Return the listing below exactly as it stands. Pictures stay out.

**Dataset excerpt**
· · ·

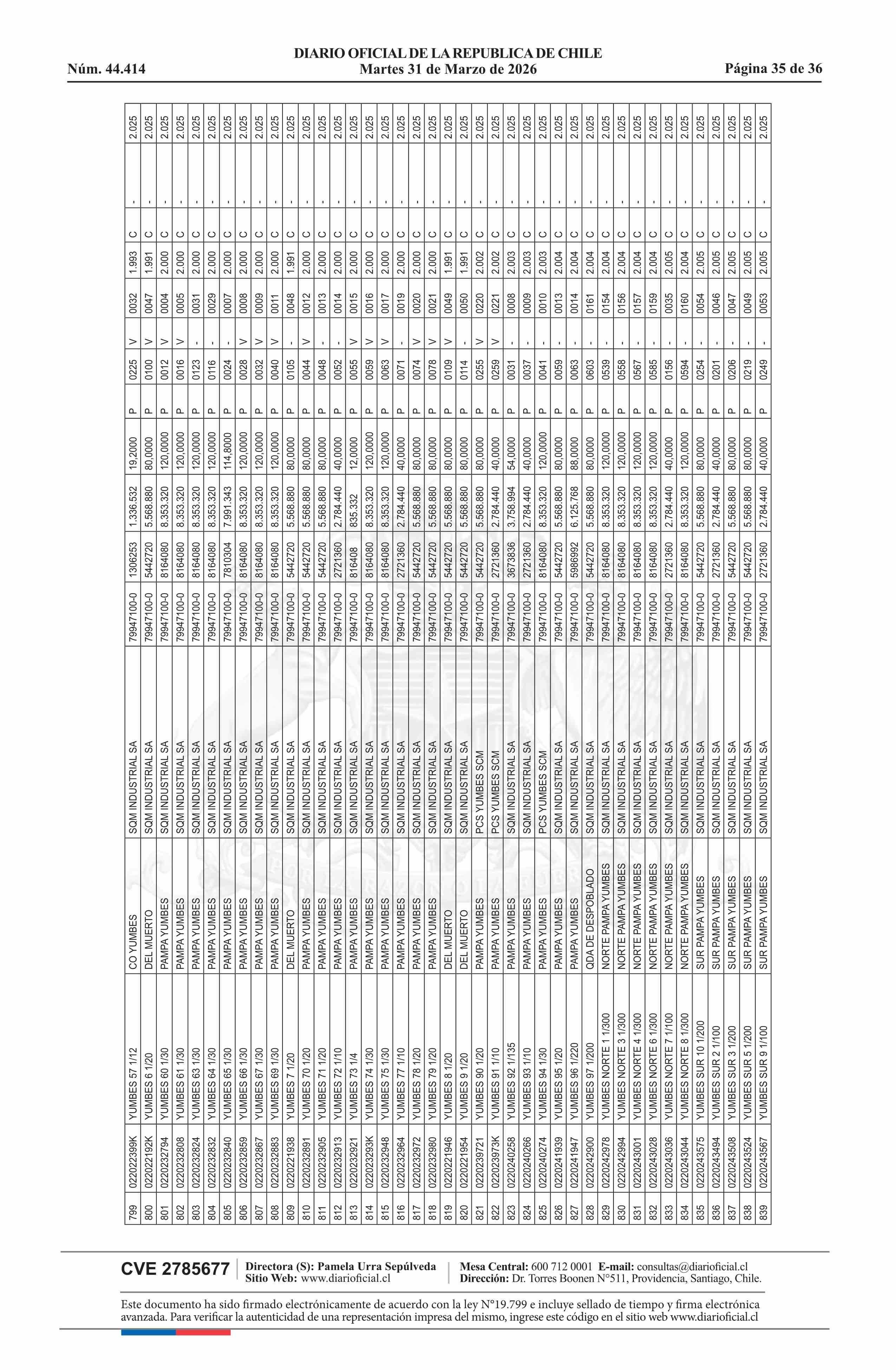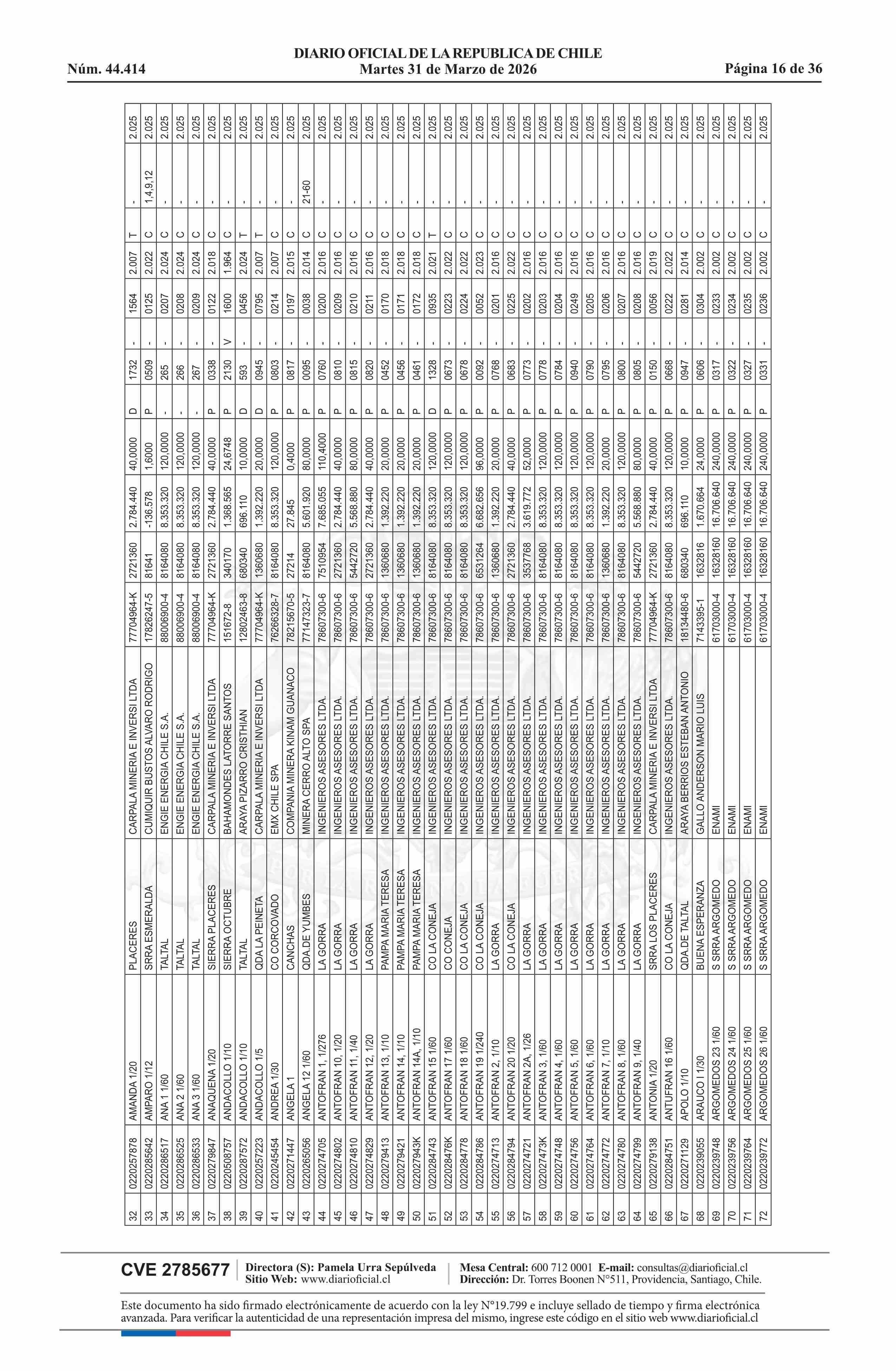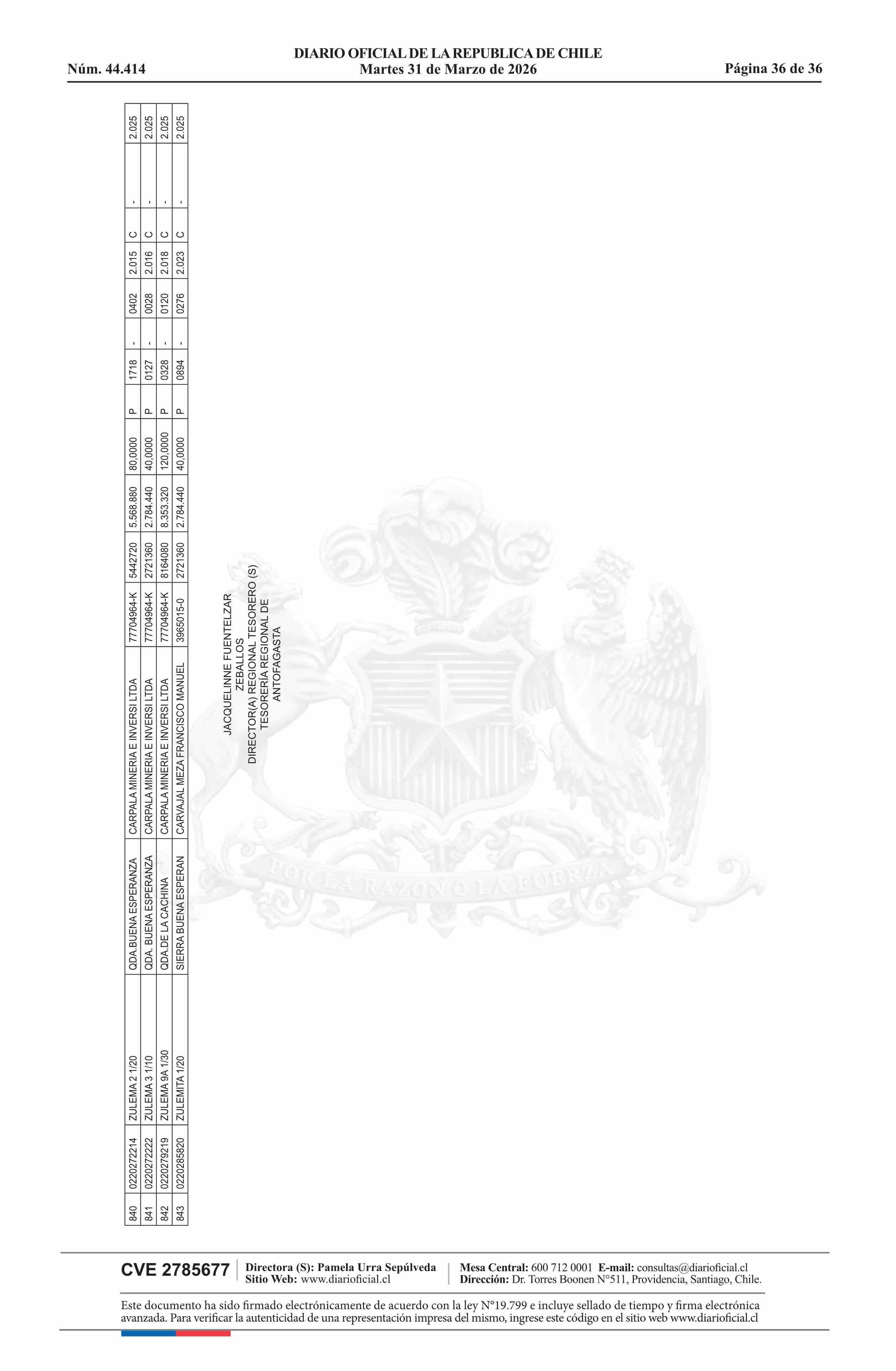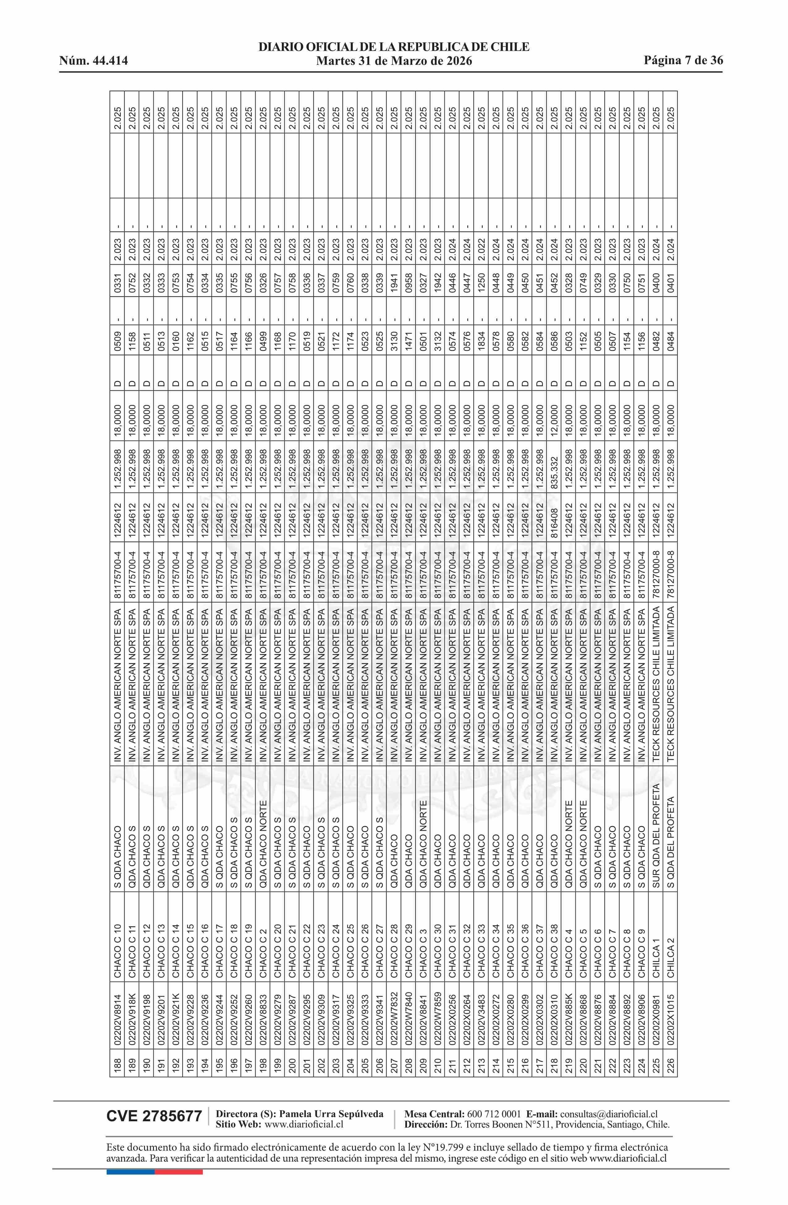 | Fuente: | DIARIO OFICIAL CHILE - BOLETÍN OFICIAL DE MINERÍA (DIARIO OFICIAL CHILE – BOM – NÓMINA REMATE) | Página(s): | 54-89 |
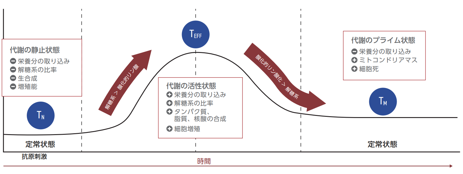 ナイーブT細胞(TN)や休止期のT細胞は、定常の代謝状態で血液中を循環する20。相補的ながん抗原に遭遇すると、PI3K-AKTmTORシグナル伝達経路が活性化され、解糖系を亢進させる転写因子が発現する20,21。解糖系が亢進したTNはエフェクターT細胞(TEFF)に分化し、免疫機能を発揮することが可能である。一旦抗原提示細胞が除去されると、TEFFの解糖系の比率が減少する。これは少ないながらもかなりの数のTEFFを刺激して、十分に分化したメモリーT細胞(TM)として長期間体内に存在する。TMとTN は解糖系のプロファイルは類似しているが、TMはミトコンドリア呼吸鎖の比率が高いため、同じ抗原に遭遇した際には迅速に再活性化することができる。もし分化する過程において代謝パラメータが条件に満たない場合には、T細胞は分化能を失ったり、抗腫瘍免疫応答を十分に発揮できなくなる場合がある22,23,24。
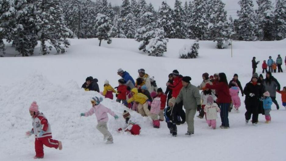 即便初学者和儿童也能放心畅滑的宽阔缓斜坡雪道,没上学的孩子免雪票。
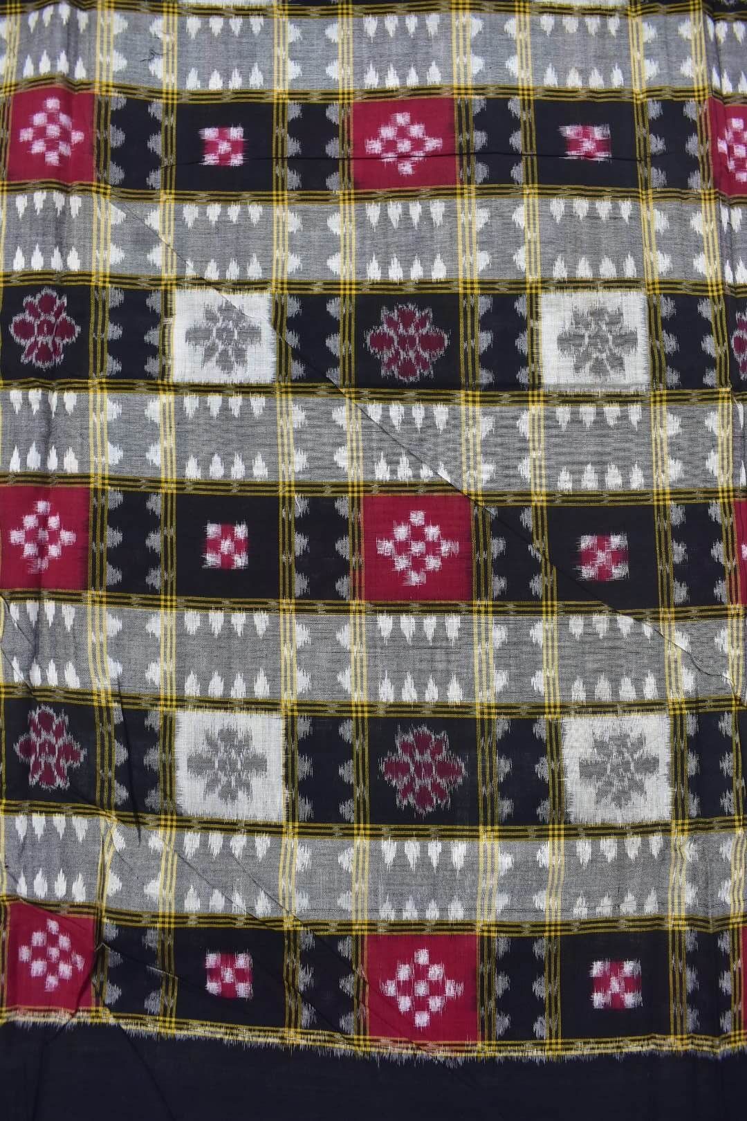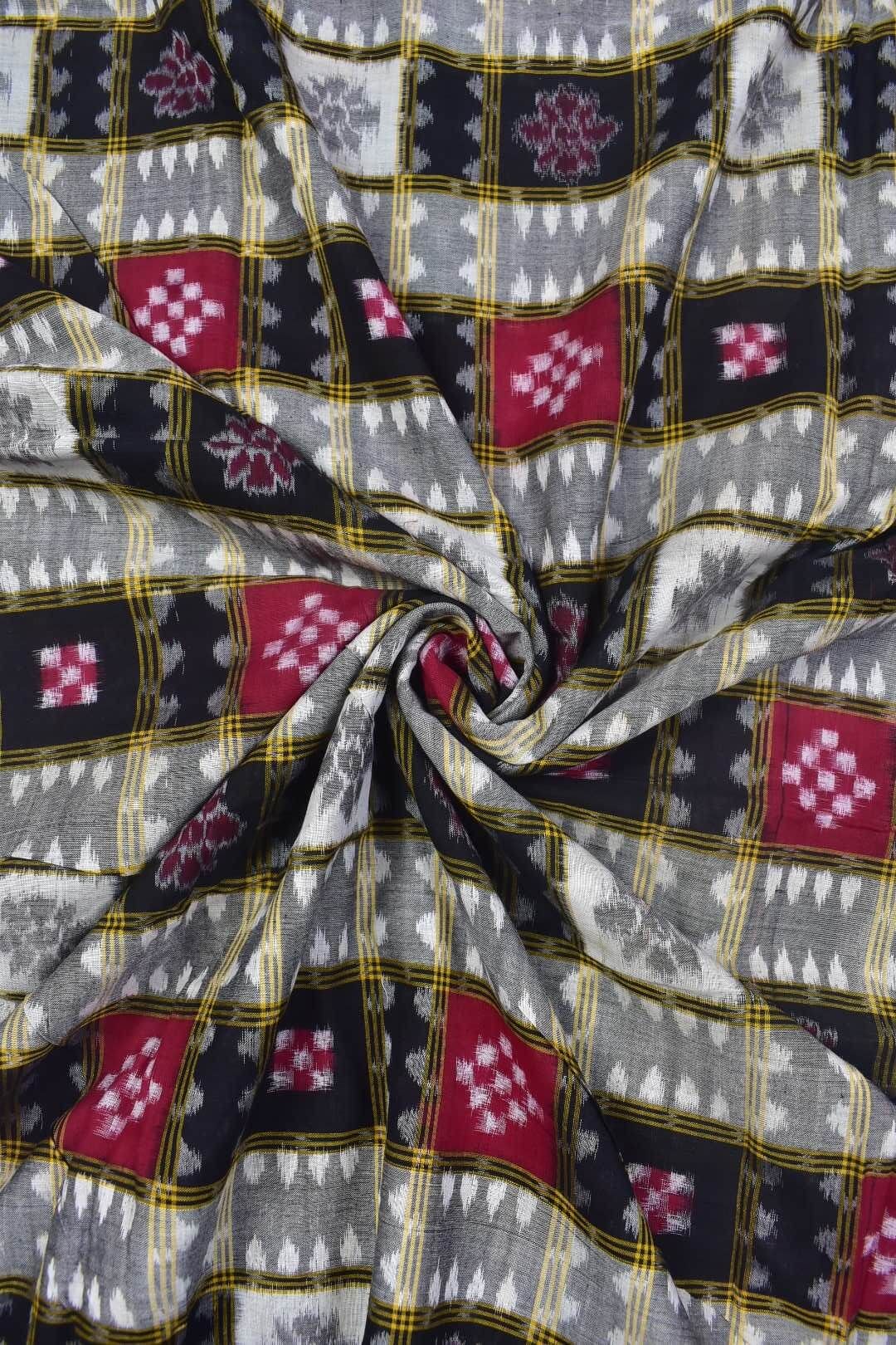 Black-Red Colour Pasapali Design Sambalpuri Handloom Cotton Fabrics

· · ·

**Solution for this problem**
 | Fuente: | DIARIO OFICIAL CHILE - BOLETÍN OFICIAL DE MINERÍA (DIARIO OFICIAL CHILE – BOM – NÓMINA REMATE) | Página(s): | 54-89 |
 ナイーブT細胞(TN)や休止期のT細胞は、定常の代謝状態で血液中を循環する20。相補的ながん抗原に遭遇すると、PI3K-AKTmTORシグナル伝達経路が活性化され、解糖系を亢進させる転写因子が発現する20,21。解糖系が亢進したTNはエフェクターT細胞(TEFF)に分化し、免疫機能を発揮することが可能である。一旦抗原提示細胞が除去されると、TEFFの解糖系の比率が減少する。これは少ないながらもかなりの数のTEFFを刺激して、十分に分化したメモリーT細胞(TM)として長期間体内に存在する。TMとTN は解糖系のプロファイルは類似しているが、TMはミトコンドリア呼吸鎖の比率が高いため、同じ抗原に遭遇した際には迅速に再活性化することができる。もし分化する過程において代謝パラメータが条件に満たない場合には、T細胞は分化能を失ったり、抗腫瘍免疫応答を十分に発揮できなくなる場合がある22,23,24。
 即便初学者和儿童也能放心畅滑的宽阔缓斜坡雪道,没上学的孩子免雪票。
 Black-Red Colour Pasapali Design Sambalpuri Handloom Cotton Fabrics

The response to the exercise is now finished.